§ ABOUT THIS EXERCISE
Keep the wording of each record exactly the same when you repeat it, and leave out pictures.
++++ EXTRACTED DATA ++++
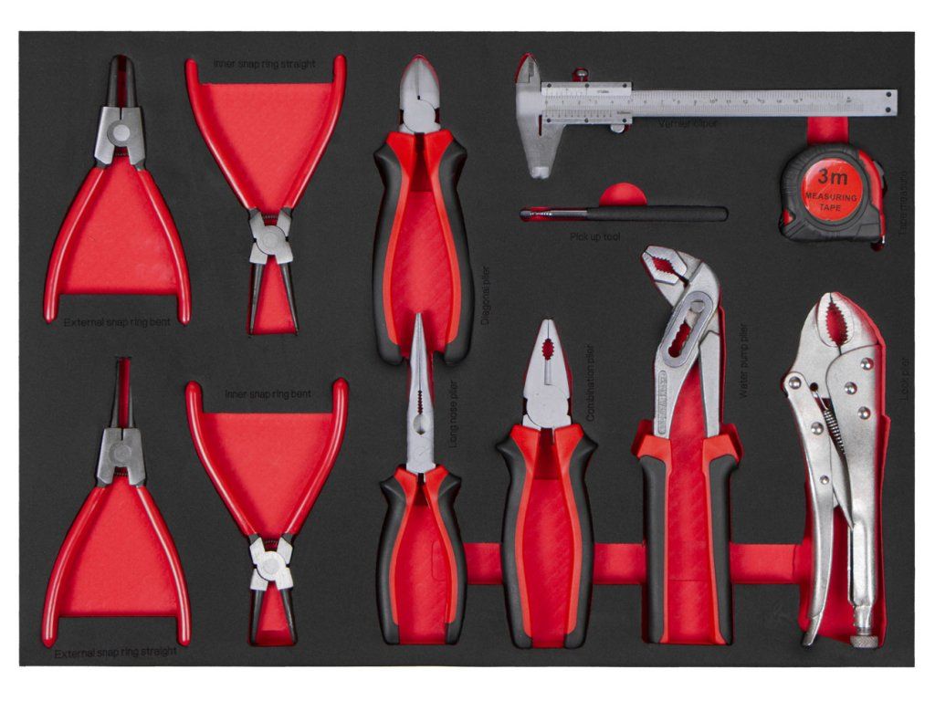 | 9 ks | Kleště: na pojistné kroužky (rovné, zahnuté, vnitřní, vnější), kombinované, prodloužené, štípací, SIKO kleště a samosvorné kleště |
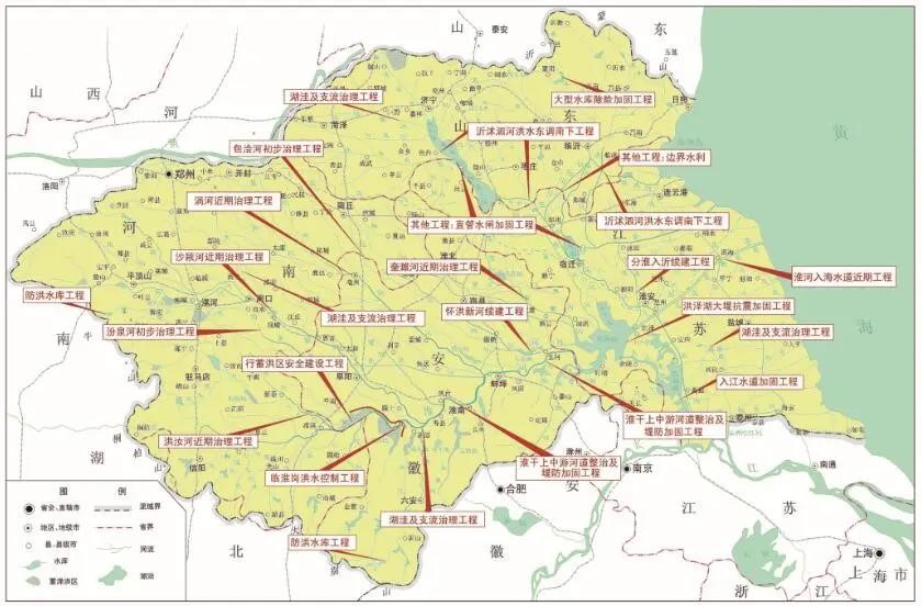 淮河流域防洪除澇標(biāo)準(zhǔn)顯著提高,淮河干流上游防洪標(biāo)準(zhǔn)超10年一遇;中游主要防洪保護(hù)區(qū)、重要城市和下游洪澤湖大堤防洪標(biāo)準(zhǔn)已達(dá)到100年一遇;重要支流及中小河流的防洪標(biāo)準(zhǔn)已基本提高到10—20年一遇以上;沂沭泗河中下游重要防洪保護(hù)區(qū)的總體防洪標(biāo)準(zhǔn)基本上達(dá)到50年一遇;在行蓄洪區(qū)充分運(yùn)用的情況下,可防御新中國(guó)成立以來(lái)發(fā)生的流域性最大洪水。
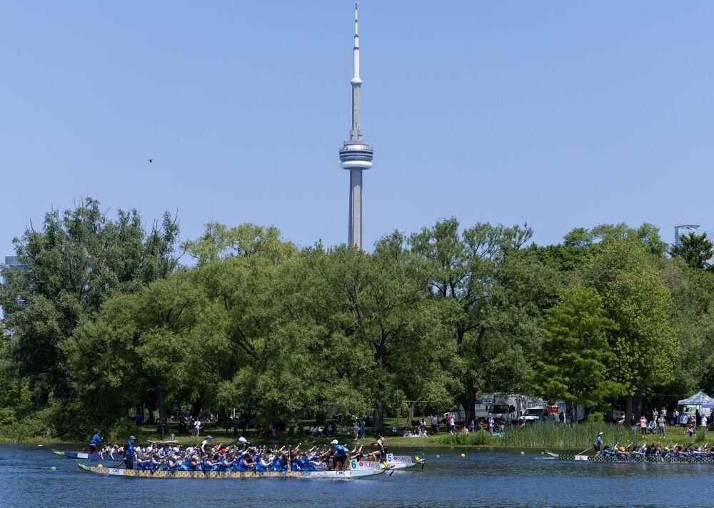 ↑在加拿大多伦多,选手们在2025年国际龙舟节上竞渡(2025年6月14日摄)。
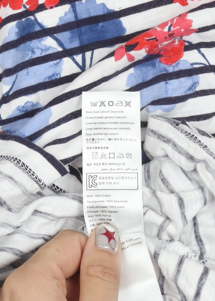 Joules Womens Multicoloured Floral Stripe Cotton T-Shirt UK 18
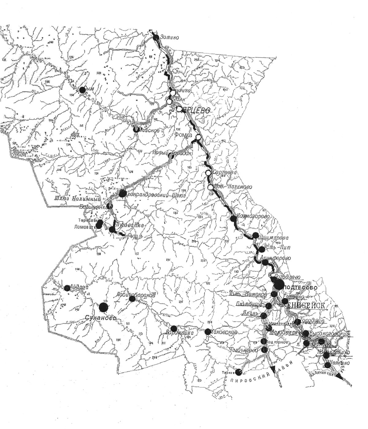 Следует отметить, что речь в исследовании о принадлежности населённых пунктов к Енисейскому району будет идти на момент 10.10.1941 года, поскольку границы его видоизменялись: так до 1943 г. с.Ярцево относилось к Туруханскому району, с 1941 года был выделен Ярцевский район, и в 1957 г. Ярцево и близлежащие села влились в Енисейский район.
++++
§ EXERCISE SOLUTION
 | 9 ks | Kleště: na pojistné kroužky (rovné, zahnuté, vnitřní, vnější), kombinované, prodloužené, štípací, SIKO kleště a samosvorné kleště |
 淮河流域防洪除澇標(biāo)準(zhǔn)顯著提高,淮河干流上游防洪標(biāo)準(zhǔn)超10年一遇;中游主要防洪保護(hù)區(qū)、重要城市和下游洪澤湖大堤防洪標(biāo)準(zhǔn)已達(dá)到100年一遇;重要支流及中小河流的防洪標(biāo)準(zhǔn)已基本提高到10—20年一遇以上;沂沭泗河中下游重要防洪保護(hù)區(qū)的總體防洪標(biāo)準(zhǔn)基本上達(dá)到50年一遇;在行蓄洪區(qū)充分運(yùn)用的情況下,可防御新中國(guó)成立以來(lái)發(fā)生的流域性最大洪水。
 ↑在加拿大多伦多,选手们在2025年国际龙舟节上竞渡(2025年6月14日摄)。
 Joules Womens Multicoloured Floral Stripe Cotton T-Shirt UK 18
 Следует отметить, что речь в исследовании о принадлежности населённых пунктов к Енисейскому району будет идти на момент 10.10.1941 года, поскольку границы его видоизменялись: так до 1943 г. с.Ярцево относилось к Туруханскому району, с 1941 года был выделен Ярцевский район, и в 1957 г. Ярцево и близлежащие села влились в Енисейский район.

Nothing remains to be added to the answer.